**GOAL OF THE EXERCISE:** Write out again, exactly as they appear, the lines from the start of the data below through the line with "Fenster mit Reißverschlussvorhängen"; no pictures.

**DATA EXTRACT:**
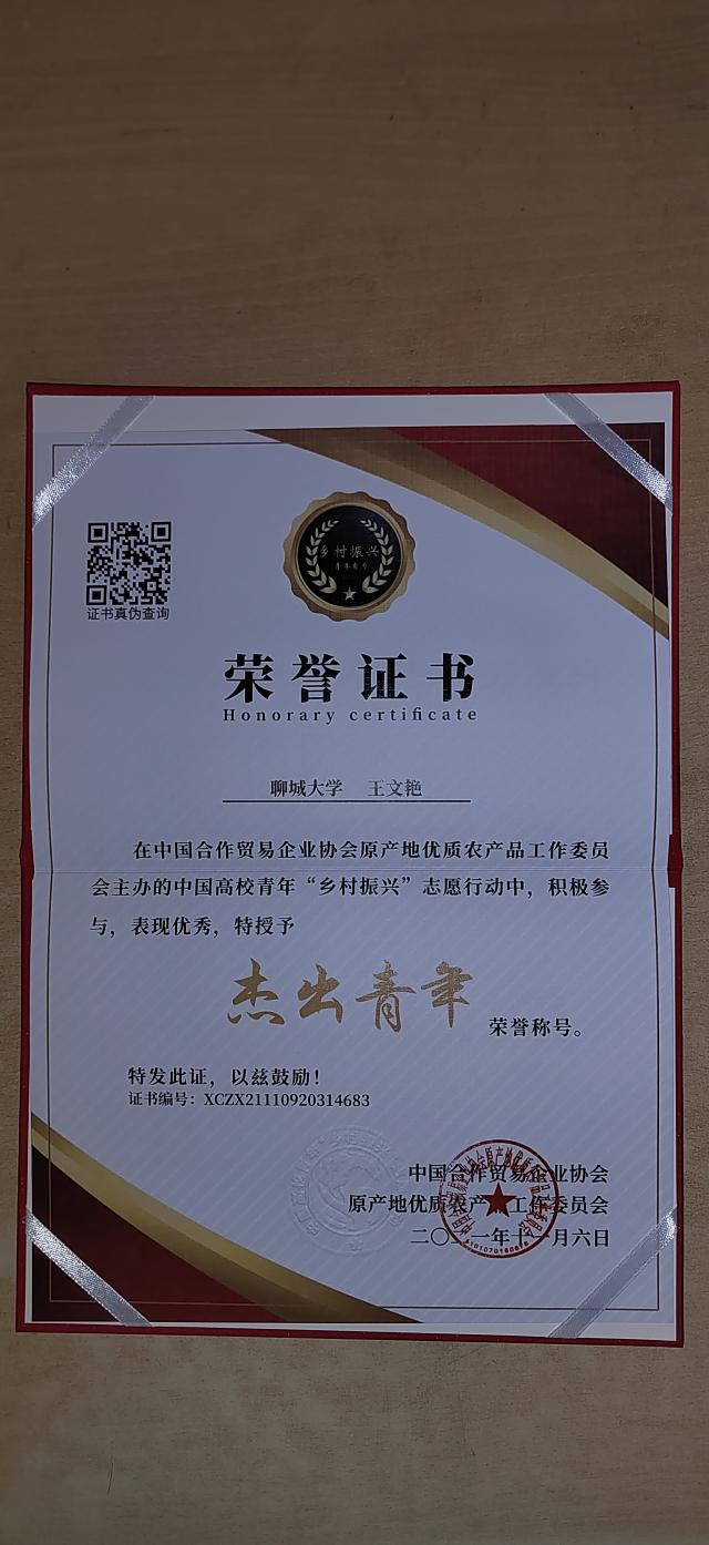 公司王文艳同学中国高校青年“乡村振兴”志愿活动中荣获杰出青年称号。此次获奖充分展现了王文艳同学在日常学习生活中的不懈努力,公司为有这样的员工而感到骄傲。在此,向王文艳同学表示诚挚的祝贺,同时祝愿她乘风破浪,再获佳绩。
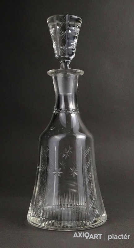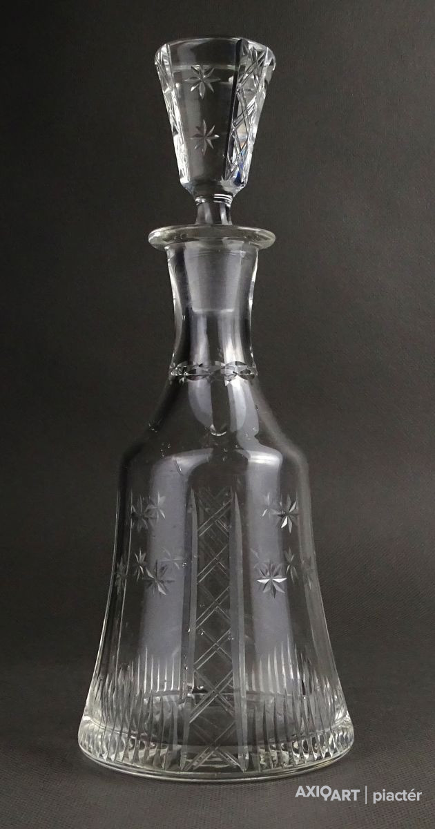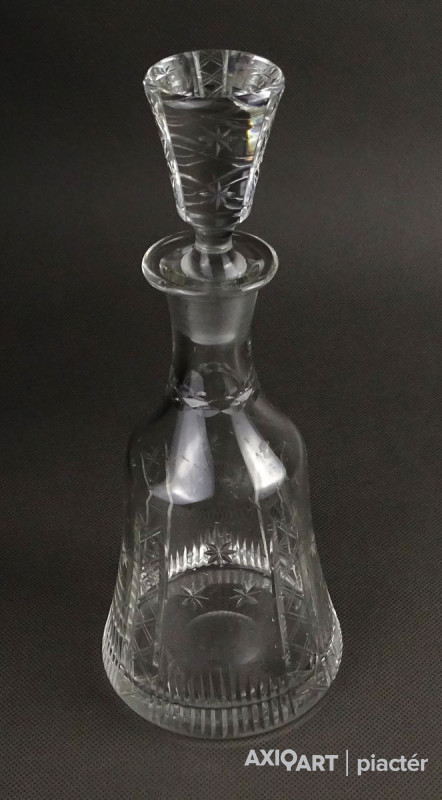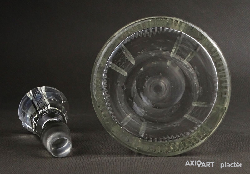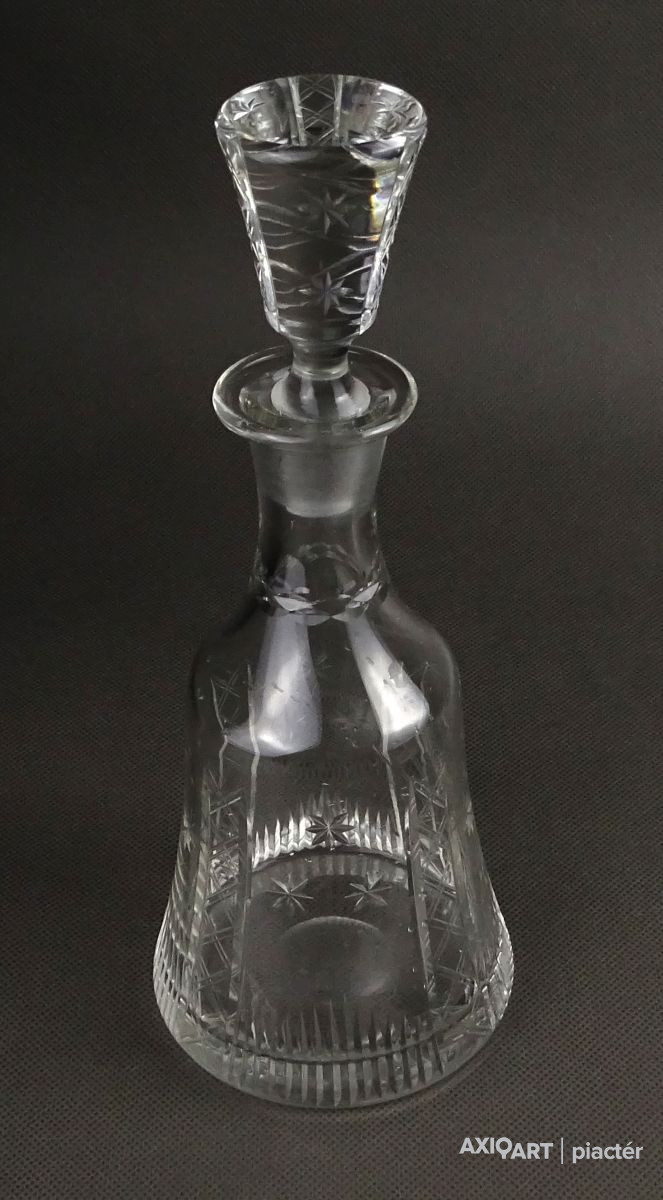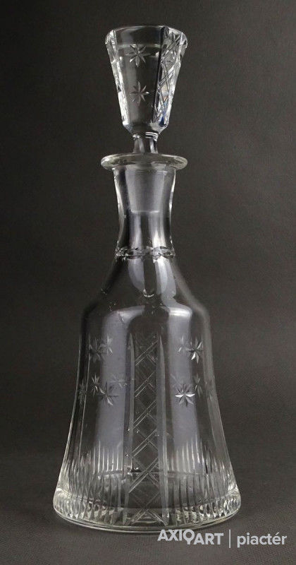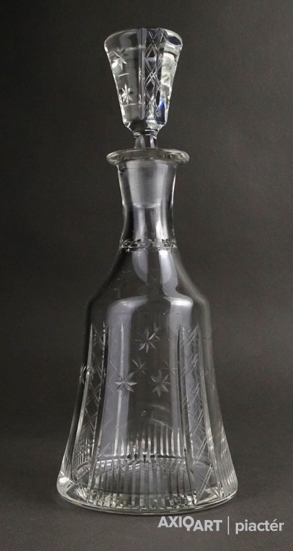 Hibátlan állapotú, csiszolatokkal díszített, kristály italkínáló üveg eredeti csiszolt dugójával.
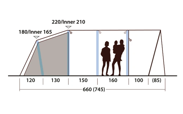 • Netztaschen in den Innenzelten dienen zur sicheren und griffbereiten Aufbewahrung kleinerer Gegenstände Große, getönte Fenster mit Reißverschlussvorhängen
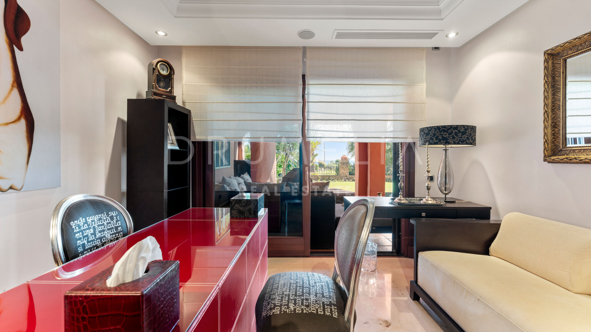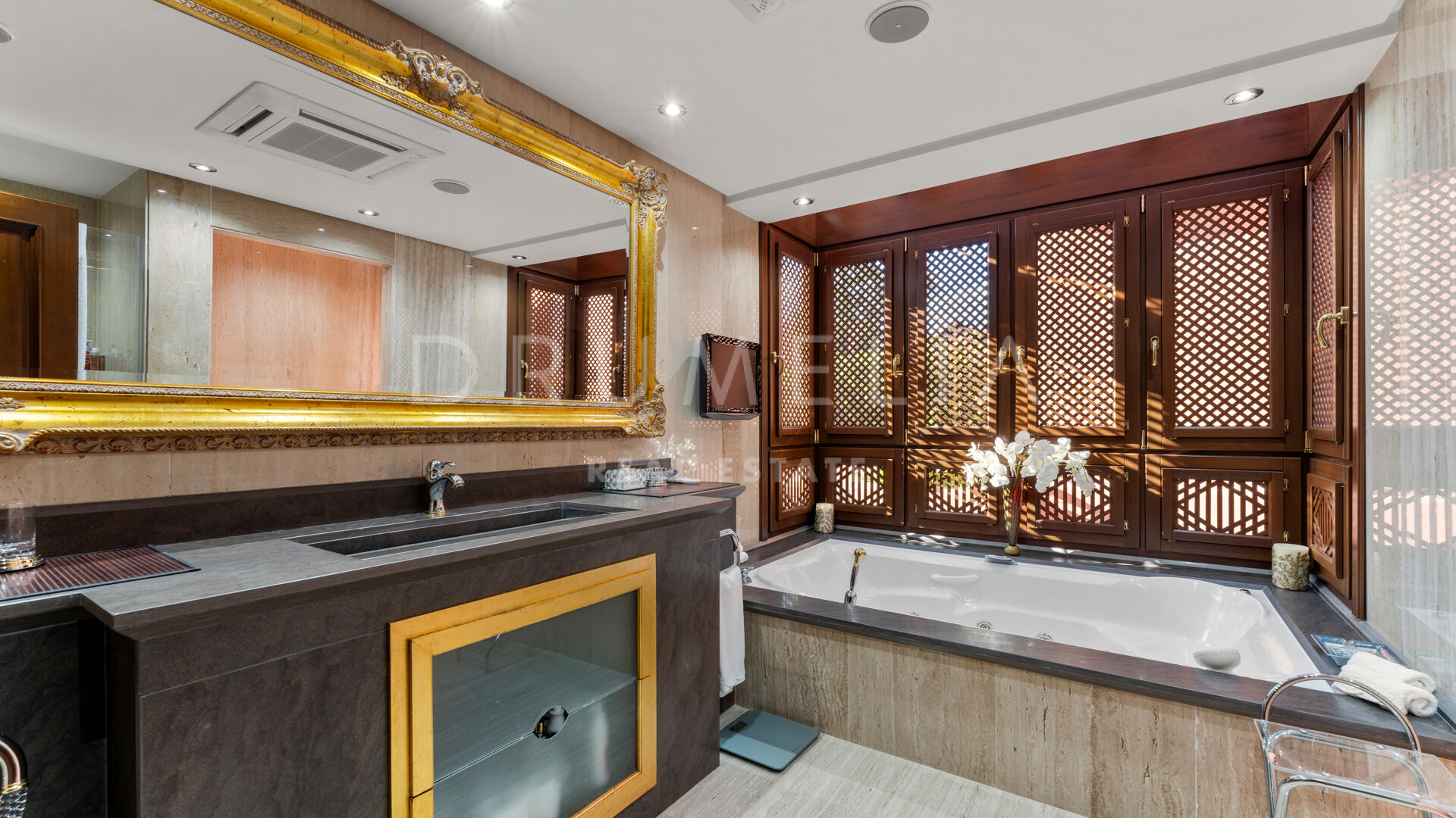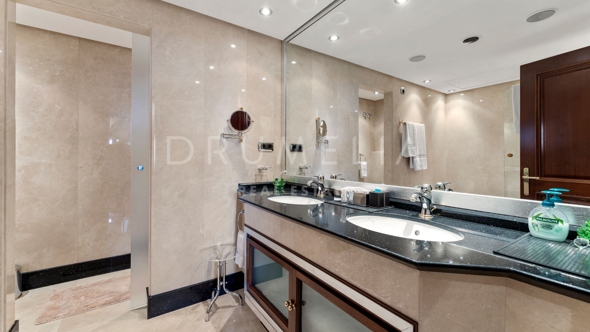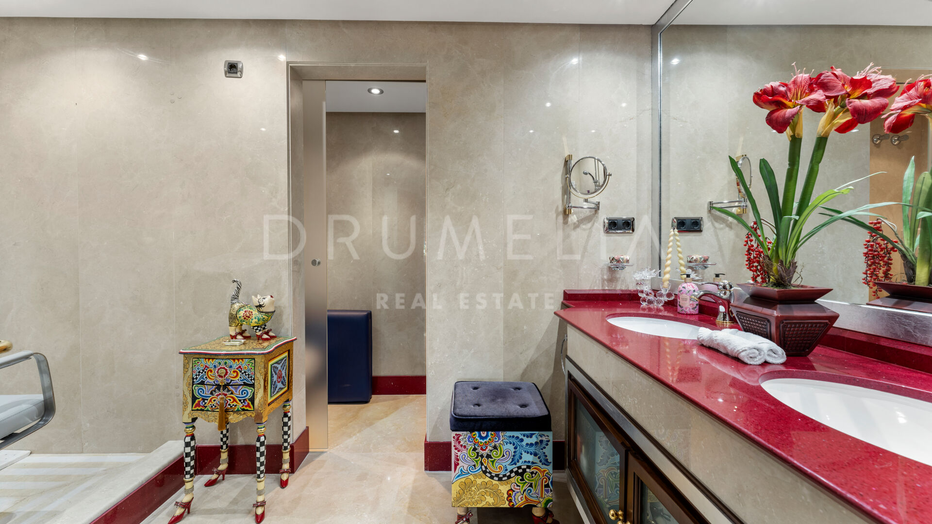 De woning is ontworpen voor comfort het hele jaar door en is voorzien van vloerverwarming, klimaatbeheersing, marmeren vloeren en ingebouwde kasten. Er zijn ook drie ondergrondse parkeerplaatsen en drie bergingen. De omheinde gemeenschap biedt prachtig onderhouden tuinen, binnen- en buitenzwembaden, een fitnessruimte, een sauna en 24-uurs beveiliging.

**TASK OUTPUT:**
 公司王文艳同学中国高校青年“乡村振兴”志愿活动中荣获杰出青年称号。此次获奖充分展现了王文艳同学在日常学习生活中的不懈努力,公司为有这样的员工而感到骄傲。在此,向王文艳同学表示诚挚的祝贺,同时祝愿她乘风破浪,再获佳绩。
 Hibátlan állapotú, csiszolatokkal díszített, kristály italkínáló üveg eredeti csiszolt dugójával.
 • Netztaschen in den Innenzelten dienen zur sicheren und griffbereiten Aufbewahrung kleinerer Gegenstände Große, getönte Fenster mit Reißverschlussvorhängen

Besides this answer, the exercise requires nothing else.